The SES was only applied once on day 0. No further application was made. The manufacturer describes a progressive resorption of its product. The application technique of the synthetic epidermis is easy and only requires the horse to be immobilised for approximately three minutes to allow polymerisation. The minimal material requirement also has a significant impact on the overall cost of treatment compared to standard bandaging changed every 4 days. In addition, this treatment could be an alternative for dangerous horses that do not tolerate bandages and could have an impact on the safety of veterinarians and owners. However, itching, external trauma or self-trauma to the wounds would not be prevented by this type of dressing.
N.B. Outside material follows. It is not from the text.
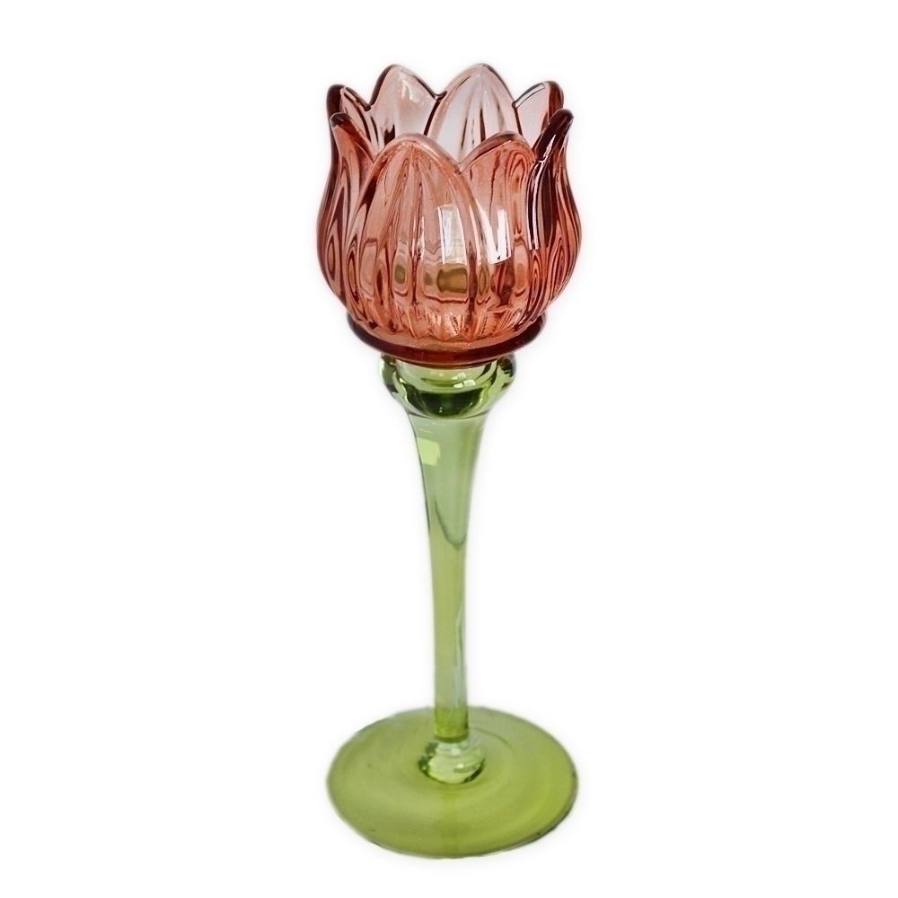 Svícen květ sklo 21,5cm oranž
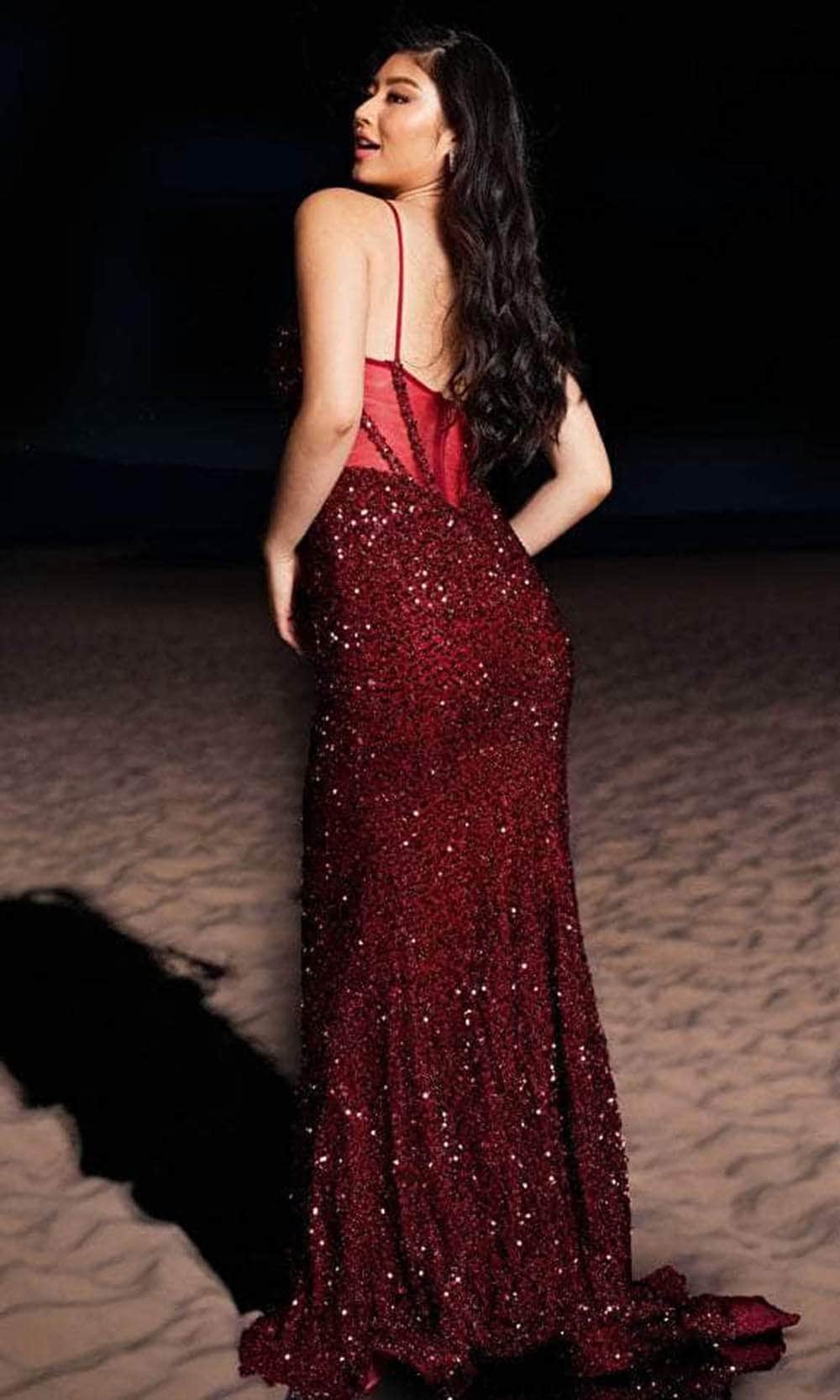 Effortlessly blending classic elegance with contemporary allure, the Jovani 25908 is a vision of sophistication. The fitted dress, crafted from shimmering sequin material, glimmers with every move. Its sheer back and stylish slit infuse a hint of drama and sophistication, elevating your overall look. With a floor-length design, it ensures a commanding presence, while the open-back style adds a modern and daring twist to the ensemble. The spaghetti strap illusion V-neckline and sleeveless cut embody a timeless and graceful allure. Jovani 25908 ensures an unforgettable statement. Model is wearing Burgundy color.

There were several limitations associated to the present study, including the small number of horses. The first limitation relates to the animal species studied. The study protocol used and well described for horses is always carried out on a small number of animals [15]. The horses were all adult and healthy and the results cannot be extrapolated to foals, elderly horses or individuals with a systemic disease. Although we deliberately left the wounds open for 6 hours before treatment to mimic normal contamination, for ethical reasons we had to create the wounds with a surgical technique that met the standards of cleanliness and sterilisation of the material. Similarly, our wounds only affect the skin tissue, whereas very often the deeper layers are also affected to varying degrees. The type of wounds studied here are similar to, naturally occurring, acute, poorly contaminated superficial degloving injuries and cannot be extrapolated to wounds presented at a more chronic stage, highly contaminated or infected, or affecting deeper structures such as bone or synovial cavities. The authors believe that deeper wounds would necessitate different care and therefore would not be treated in the first instance with SES. In addition, the study was conducted in winter excluding the presence of insects (e.g. flies).

Conclusion

The synthetic epidermis spray (Novacika®, Cohesive S.A.S, France) studied in this wound model has allowed healing without the production of EGT but did not reduce the median wound healing time compared to a standard bandaging technique. The SES is potentially an interesting alternative for the management of secondary intention wound healing of superficial and non-infected distal limb wounds in adult horses because of its economical and practical aspects. However, all statistical inference (p-values especially) must be interpreted with caution, given the size of the sample.

Supporting information

S1 Table. Data of the wound assessment through the study period.

https://doi.org/10.1371/journal.pone.0299990.s001

(XLSX)

Acknowledgments

The authors wish to acknowledge Maud Roux and Claire Forray for their technical help during the study.